Metadata-Version: 1.1
Name: varys
Version: 0.5.1
Summary: For parsing and reformatting behavioral event logs.
Home-page: https://github.com/beOn/varys
Author: Ben Acland
Author-email: benacland@gmail.com
License: BSD
Description: Varys
        =====
        
        Varys is a python package for anyone who has to work with behavioral data
        logs.
        
        Chances are, you need that data in another format before you can work with it.
        If you're like most of us, you have some collection of scripts around
        somewhere that can parse format A, other scripts that write format B, and
        somewhere in the middle you'll sandwich some logic that actually has something
        to do with your experiment.
        
        Our goal is to reduce the load down to this last bit.
        
        Varys breaks its work into three segments: LogParser, EventBuilder, and
        FileWriter. Of these, only EventBuilder needs to be customized per experiment.
        
        LogParser is meant to grow with time to be able to parse an increasingly
        diverse list of input types. At the moment we support simple TDF and CSV
        formats, as well as the FIDL format used by the eponymous software package
        from Washington University in St Louis. But we're willing and interested to
        work with users to expand that list.
        
        EventBuilder takes input from a LogParser, and turns it into a list of "event"
        dictionaries. These can contain arbitrary values, but at a minimum must
        contain "name," "onset" and "duration."
        
        FileWriter takes these ordered dictionaries, then writes files consumable by
        analysis packages.
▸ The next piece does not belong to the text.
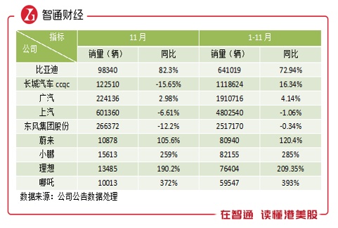 在传统车企中,比亚迪(01211)仍销量持续领跑,11月销量98340辆,同比增长82.3%,其中新能源车占比提升至92.8%,1-11月销量641019辆,同比增长72.94%。上汽、广汽及长城的新能源车后来居上,11月销量分别为8.23万辆、1.78万辆及1.61万辆,1-11月,上汽销量63.82万辆,市场份额跃居第一,广汽及长城均超10万辆。

At the time of this writing, we support SPM, FIDL, tab
        delimited .txt, and python's Pickle, but here again we're willing and eager to
        expand the list of supported formats.
        
        We've thrown in some special options for working with neuroimaging data, for
        concatenating runs, and other fun stuff too.
        
        So please, take a look at the examples list, see if any of them sound like
        your situation, and feel free to use them as a starting point for your own
        work.
        
        Installation
        ============
        
        Varys uses scipy, which in turn uses numpy, and as of yet we're too lazy to do
        the fancy dancing needed to auto-install numpy as a dependency. So it'll take
        two steps:
        
        ```python
        pip install numpy
        pip install varys
        ```
        
        Or grab the latest development version from https://github.com/beOn/varys, and
        install using setup.py.
        
        Supported Formats
        =================
        
        Currently supported formats are:
        
        Input: .txt, .tdf, .csv, .fidl
        
        Output: spm, fidl, pickle, txt (tab delimited)
        
        Examples
        ========
        
        Varys provides several EventBuilder subclasses for handling data in different
        ways - in short, you can either have your data handed to you as a list of rows
        (as dicts), or you can have it handed to you one row at a time. Usually the
        latter approach is the most helpful.
        
        There are several EventBuilder subclasses you can dive into, but here we'll
        cover the kinds you're most likely to use: RowWise_EventBuilder,
        RowWise_fMRI_EventBuilder, and FixedDuration_EventBuilder. Please forgive the
        long names. Names were never my strong suit.
        
        Using either of the two RowWise classes involves creating your own subclass,
        whereas FixedDuration_EventBuilder is meant to be configured and used without
        subclassing, making it easier to write very simple EventBuilders.
        
        Enough chit chat. Let's look at some examples.
        
        Mise en Scène
        -------------
        
        For the following examples, we'll pretend that a few things are the case:
        
        - Subject data is in /data/sub_N/run_M.txt, where 'N' and 'M' are two-digit
        subject and run numbers, respectively (ie 01, 02, etc.).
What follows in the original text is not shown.